September 30, 2013

36, 37, 38 Weeks of Gratitude



52 Weeks of More gratitude. More hope. More love. 

A few thoughts I started last Tuesday night....but didn't quite finish.  I've been a bit quiet on the blog front but with the memory of dirt on my hands and wind in my hair I'm inspired to write again.

I practised yoga this evening and I've a spring in my step, my chest feels open, shoulders are rolled back and I'm holding my head high. I can literally feel energy flowing freely throughout my whole body reaching right down to my toes. I am connected to my body again and I feel so calm and present.

 Recently I've noticed how much I enjoy singing on the way home after yoga. The thing is I don't sing very often. I have a rather terrible singing voice, I always have, and once I became old enough to realise I didn't really sound like the girl in the Annie musical I've too shy to really sing.

Not only have I held back the urge to sing when I'm with others but I've also held back expressing myself from time to time over the years. Our fears are strange beasts!  Health practitioners have often pointed out the link between recurrent sore throats and a repression of expression and emotion. Not speaking up for myself, not expressing myself, not singing often or loud enough!

 Now I'm not dreaming of having a singing career but I am making progress towards finding a way to be more comfortable with expression in many forms and I feel very grateful for the knowledge and self acceptance yoga is teaching me.

It has also been a month of ups and downs, feeling frustrated and still struggling to find a place in my new home as I previously rambled on about here. Thank goodness for yoga! and beautiful words from a good friend. She wrote what I'm calling a love letter to her friends, sharing her thoughts from across the seas whilst she travels on why each friend is important to her. Her words made me laugh, smile and cry. Seeing myself through her words I felt I knew myself again.

I'm grateful for these moments and insights that have kept me feeling sane! Oh and Spring, how could I  not mention the gorgeous bunches of Spring flowers that have been bringing nature into the home.

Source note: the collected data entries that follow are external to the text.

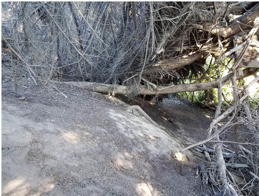
Photo 3. Understory vegetation is lacking on the steep slope underneath the Monterey Cypress trees. Photo date: 09/14/2017.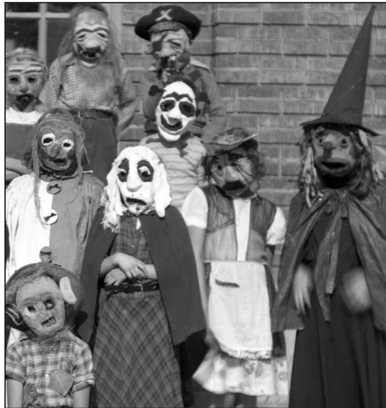
> Children at the Marsac School made Halloween masks in 1947

As part of Halloween on Main Street, the museum is also offering a mask-making activity on Tuesday, October 31. Stop by the Museum at 3:30pm, make a scary mask and wear it to go trick-or-treat along Main Street. We'll have candy, too!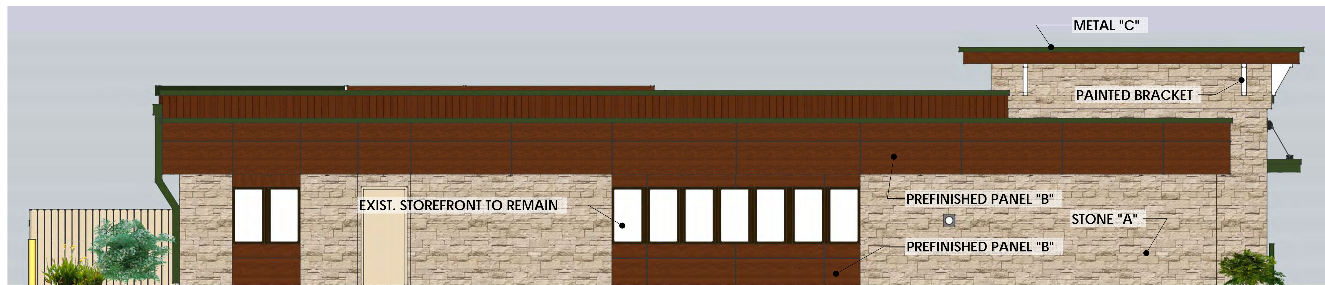
EAST ELEVATION (SOUTH 17TH STREET) SCALE: 1/4" = 1'-0"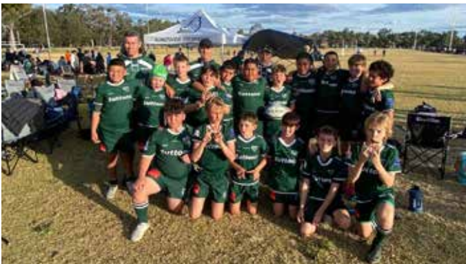
Randwick Representative Team U11 Green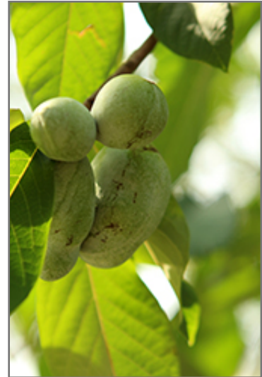
Pawpaw fruit

* This is a 'special order' plant - contact store for details

52 Weeks of Grateful linking up with Octavia and Vicky.

September 09, 2013

33, 34 and 35 Weeks of Gratitude



52 Weeks of More gratitude. More hope. More love. 

And here it is. The jumbo edition of many weeks of gratitude! Actually I'm going to keep it short and sweet.

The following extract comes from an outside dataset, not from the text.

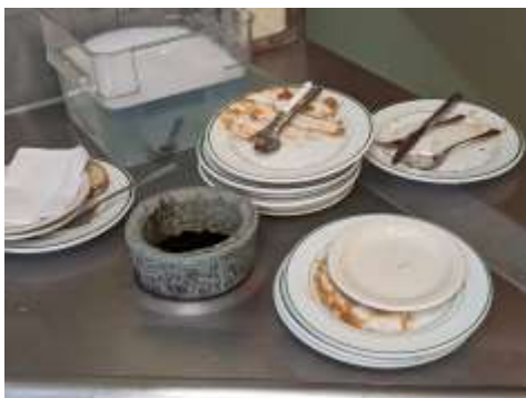
Signs of a delicious meal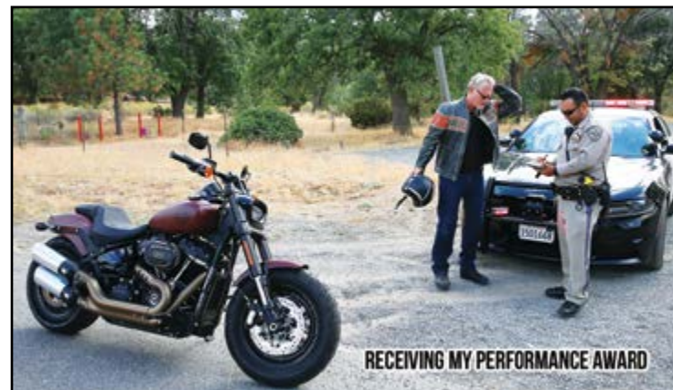
RECEIVING MY PERFORMANCE AWARD

riding all the new Softails on the Angeles Crest Highway, it became immediately apparent that the new line is designed to inspire a bloodline of young, aggressive riders who love power and performance, and I am very proud of my performance award.

I am very grateful and feeling the love from all of you who read and responded to my last post. Thanks for your support and encouraging words. I've found myself re-reading the comments over the last few weeks and loving the wise advice you shared. 

These past weeks I've been continuing to  take action and investing time and energy into my surroundings. I've been putting down roots and spreading my wings at the same time. On the home front I've been creating cosy little spaces and now have a few kitchen shelves just for my tea collection; burning beeswax candles at night and slowly going through my music collection. Out and about I've been exploring more and more, seeking out new places to go, experiences to have and new people to meet. I'm dreaming again and feeling hopeful.


I am grateful for:

The magic of staying on an island with good friends where days stretched out with nothing to do but relax and play. Oh the serenity!

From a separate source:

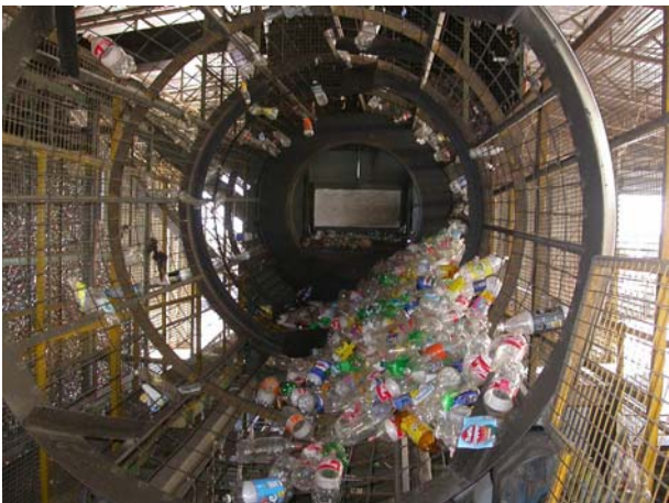
PET bottles tumble through the trommel

Spending Sunday with Dad on Father's Day.  So whilst my first attempt at baking something from Jude Blereau's new cookbook didn't quite work out (my sponge came out of the oven completely flat!-I'm sure it had more to do with my inexperience than Jude's instructions. I should have known when I had to youtube the 'ribbon' method). A quick trip to the shops to buy a plain sponge cake saved my arse, and I prettied it up as planned.

Mint and parsley on my little balcony herb garden. Getting ready for Summer time.

A haircut that didn't make me want to cry. I love my new hairdresser. 

52 Weeks of Grateful linking up with Octavia and Vicky. 

Images: Sunset on Great Keppel Island; the Father's Day sponge; minty goodness.